To characterize the nature of the brain areas identified by the view > diminish and intensify > view contrasts, we used emotion-associated and interoception-associated cluster maps from a prior meta-analytic study (Adolfi et al., 2017). We derived three maps from this meta-analysis study: 1) the intersection of the two meta-analytic maps; 2) the emotion-associated map with the intersection regions removed; and 3) the interoception-associated map with the intersection regions removed. We then overlapped these three meta-analytic maps with the thresholded view > diminish and intensify > view contrast maps (after removing the intersection of diminish > view and intensify > view to remove activity likely related to regulation effort rather than its effects), counted the number of voxels overlapping each of the three meta-analytic maps, and divided the number of overlapping voxels with the total number of voxels in each thresholded contrast map.
To assess the BOLD activity changes in the amygdala, we individually segmented the amygdala region from each participant’s T1-weighted image using FreeSurfer version 6 and created the left and right amygdala masks in the native space. We then applied FSL FLIRT to transform the masks to the standard MNI space and input them to Featquery to obtain average percent signal change values in the amygdala activity during emotion regulation.
Subjective ratings during the task were analyzed by using SPSS to conduct an ANOVA with mean emotional intensity as the dependent variable and the regulation goals (diminish, intensify, view) and image valence (negative, positive) as within-subject independent factors.

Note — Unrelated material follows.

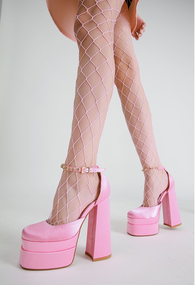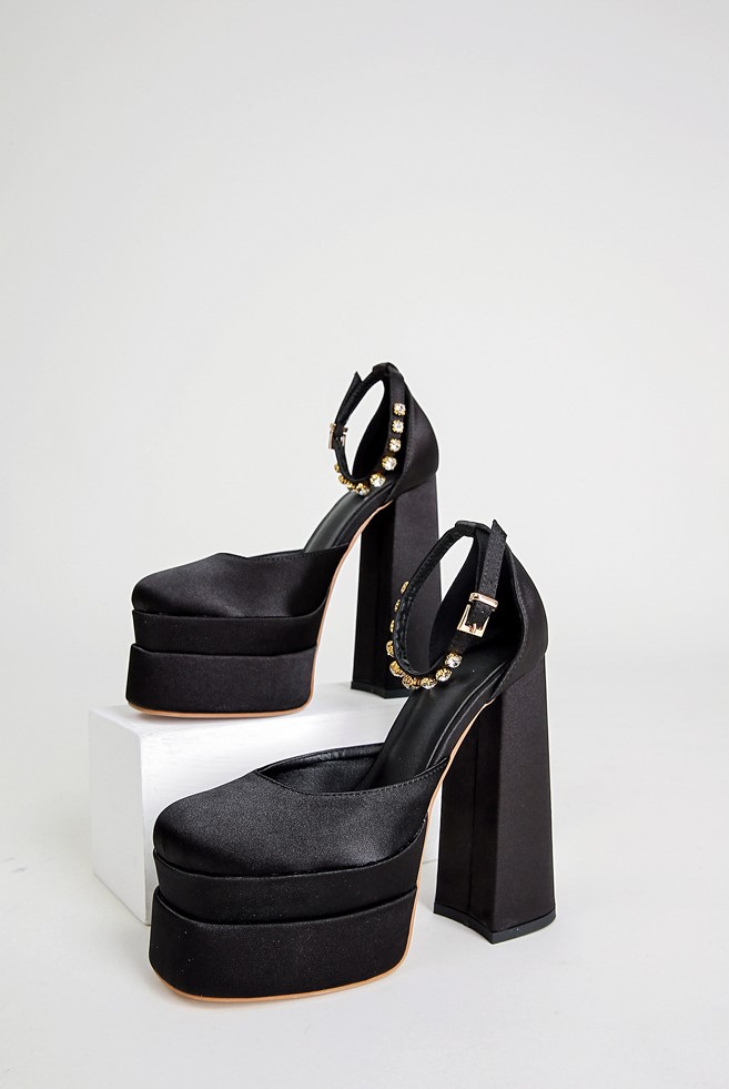 Fashion Satin Clunky Heeled High Heels - 3colors

We also examined how brain activity while implementing different regulation goals relates to subjective ratings of emotion regulation outcome. To do so, we normalized the online rating scores within each subject’s intensify or diminish condition and used the normalized scores as a weight for the two emotion-regulation regressors (diminish, intensify; each aggregated across positive and negative valence) in another individual-level analysis. We excluded nine subjects who always responded with the same rating within either condition, which made normalization impossible within that condition for that person. The subsequent group-level analysis tested the mean effect of four contrasts: diminish, intensify, diminish > intensify, and intensify > diminish.
Results
Subjective Ratings
There was a significant main effect of the three emotion regulation goals, F(2, 208) = 228.60, r = 0.83, p < 0.001 and of the emotional valence, F(1,104) = 5.58, r = 0.23, p = 0.02 on self-rated emotional intensity. But there was no significant interaction between goals and valence, F(2, 208) = 1.73, r = 0.13, p = 0.18. We also conducted Bonferroni-corrected t-tests for pairs of regulation and valence types. The corrected p threshold was at 0.007. Subjective intensity ratings were higher for intensifying than for viewing, t(104) = 12.68, r = 0.61, p < 0.001 for negative emotion and t(104) = 16.19, r = 0.63, p < 0.001 for positive emotion, and also higher for viewing than for diminishing, t(104) = 5.44, r = 0.29, p < 0.001 for negative emotion and t(104) = 5.09, r = 0.25, p < 0.001 for positive emotion (Figure 3). Ratings did not significantly differ between negative and positive emotion for either intensifying, t(104) = 0.60, r = 0.03, p = 0.55, for diminishing, t(104) = 2.43, r = 0.09, p = 0.02, or for viewing, t(104) = 2.46, r = 0.10, p = 0.02 though the comparisons were significant at an uncorrected level for diminishing and viewing (see Table 1 for details).
Regulation Effort
Our analyses focused on the general regulatory effect of emotion regulation across positive and negative valence, based on prior findings that the brain’s affective workspace varies little across valence (Lindquist, Satpute, Wager, Weber, & Barrett, 2016). Contrasting the diminish against view condition (diminish > view) revealed brain regions showing increased activation during emotional down-regulation (Figure 4A, Table 2): the anterior insular cortex, lateral frontal orbital cortex, dorsal anterior cingulate gyrus, paracingulate gyrus, superior frontal gyrus, and inferior frontal gyrus. Contrasting the intensify against view condition (intensify > view) revealed brain regions showing increased activation during emotional up-regulation (Figure 4B, Table 3): the anterior insular cortex, lateral frontal orbital cortex, frontal medial cortex, anterior cingulate gyrus, posterior cingulate gyrus, inferior frontal gyrus, middle frontal gyrus, superior frontal gyrus, hippocampus, amygdala, putamen, and thalamus. Consistent with prior studies (Domes et al., 2010; Eippert et al., 2007; Kim & Hamann, 2007; Li et al., 2018; Ochsner et al., 2004), there were a number of brain regions activated during both up- and down-regulation (intensify > view ∩ diminish > view), consistent with regulatory regions shared by the two opposing regulation goals. These regions were the insular cortex, inferior frontal gyrus, middle frontal gyrus, superior frontal gyrus, dorsal anterior cingulate gyrus, and angular gyrus (Figure 5A).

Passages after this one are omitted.